About two-thirds (65 percent) stated they would participate in a campaign to help stop meth production in Cass County.

Children are particularly affected when their homes become toxic methamphetamine labs because "they are little and they breathe really fast," Greene said. "Their hearts beat really fast and their metabolism works things through their little bodies faster. For their proportion of body weight, they drink more, they breathe more liters of oxygen. And they do kid stuff. They crawl around on these toxic floors and they put things in their mouths" and infect pajamas, teddy bears, sheets and silverware.

One suggested solution is developing a strong drug-endangered child protocol that exceeds pulling them out of homes.

"There's a medical side of that and a recovery side for the parents. We don't know about the toxic effects of methamphetamine," Greene said. "We still don't know if a kid lived in a meth lab for a year at 5 years old, what does that mean for him or her at 12?" Greene asked about potential brain or lung damage.

Nationally, more than 2,000 children were present during meth seizures. Children are present about 30 percent of the time labs are busted.

A Lewis Cass Intermediate School District official sees mothers who used meth during pregnancy.

"Folks who work in the treatment business say meth addicts are the very hardest to treat of all drug abusers that they've ever dealt with. The detoxification and withdrawal is pretty similar" to other drugs and alcohol. "They're clean physiologically, but the intense psychological and emotional desire" for meth "takes a long time to go away," Greene said.

That "wall" period lasts six to eight months for casual users and two to three years for regular users.

Indiana's total of 670 meth labs detected in 2002 is believed to be highest in the Midwest because of piecework in the recreational vehicle industry.

"It tweaks you and you can work faster and longer and make more money," Greene said. "We're kind of in the middle in Michigan with 206 labs discovered in 2002. "Not as many as Illinois (423), but certainly more than Ohio (78) and Wisconsin (63)."

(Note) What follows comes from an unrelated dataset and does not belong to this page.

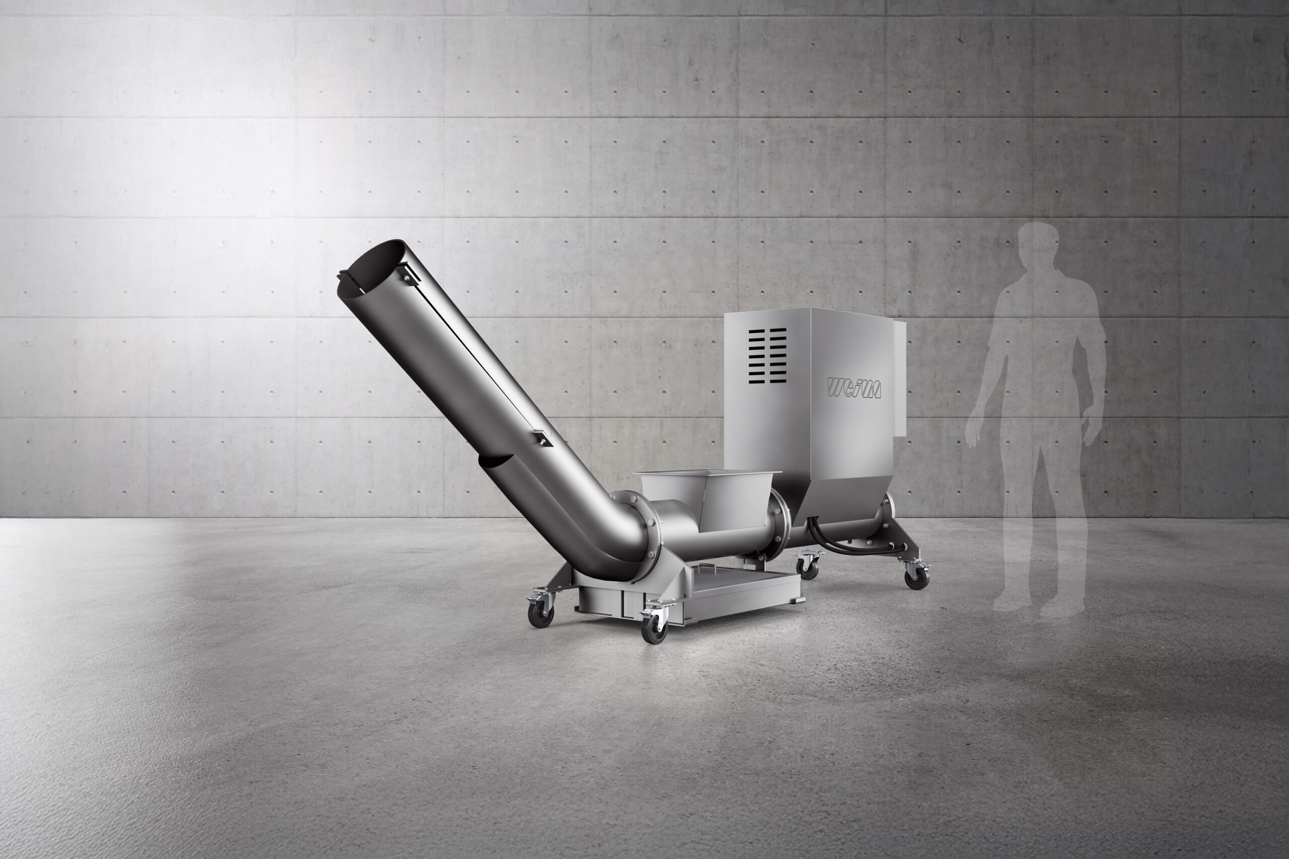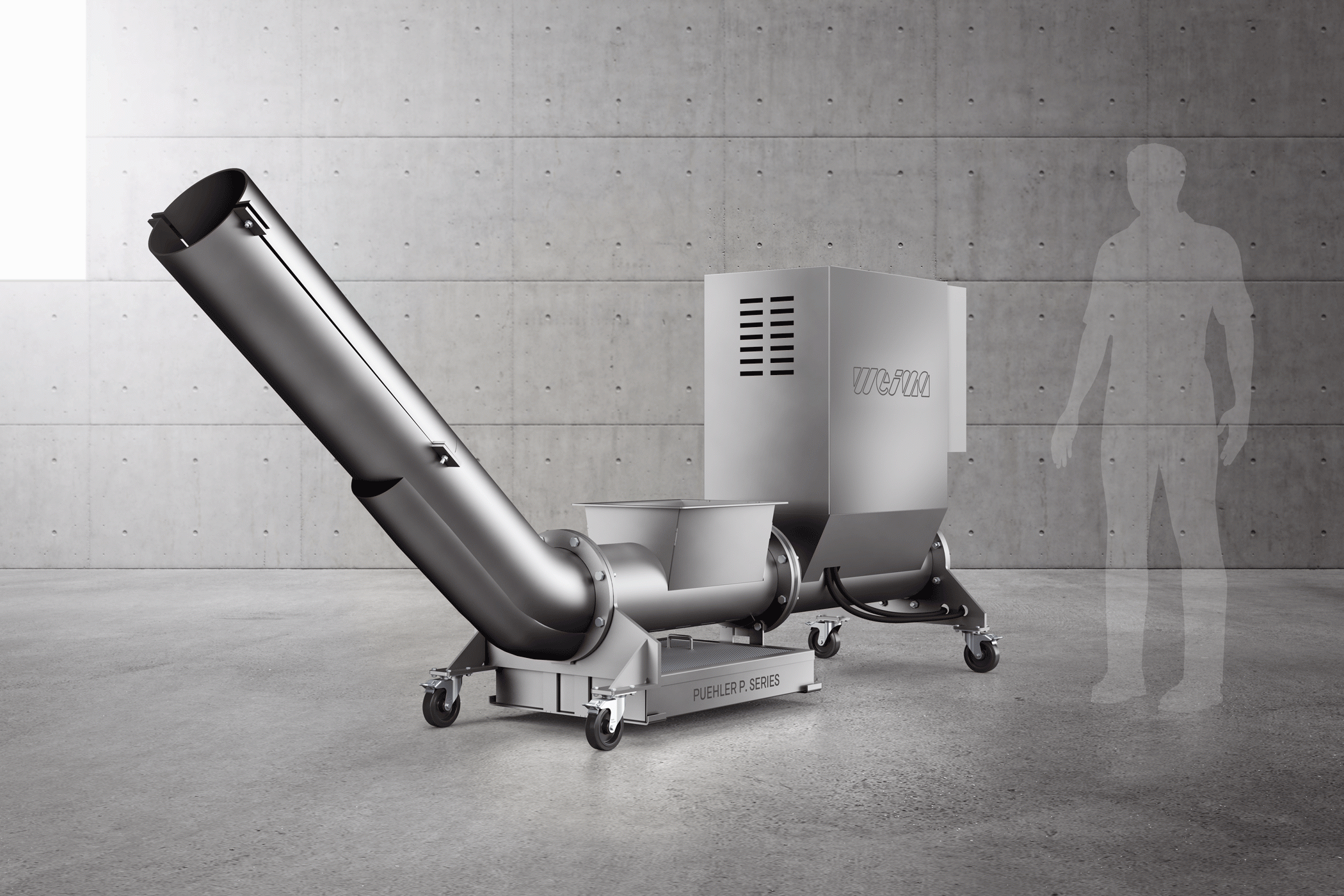 The WEIMA A.300 dewatering press has been specially developed to meet these requirements: it collects discarded labels directly from the process, compresses them into compact bales with a diameter of 300 mm and transports the material onwards with virtually no dripping. Thanks to its robust stainless steel construction, the machine is ideally suited for use in damp, alkali-laden environments and meets the high hygiene and durability requirements of modern bottling plants.

Greene only reports Michigan State Police data because "I learned that in every county's - indeed, within counties - meth lab definitions vary. In Cassopolis, for example, a lab might be defined as two elements of production. Maybe a propane tank and a bunch of Sudafed boxes. But in, say, Allegan or Dowagiac, they may say a lab is when actual production has occurred and all of the elements have to be there."

"What that does, though, unfortunately, is it woefully under-reports the number of labs that have been discovered," Greene added.

For example, state police statistics show the first meth lab discovered in Cass County in 2000, eight in 2001, two each in 2002 and 2003 and seven in 2004.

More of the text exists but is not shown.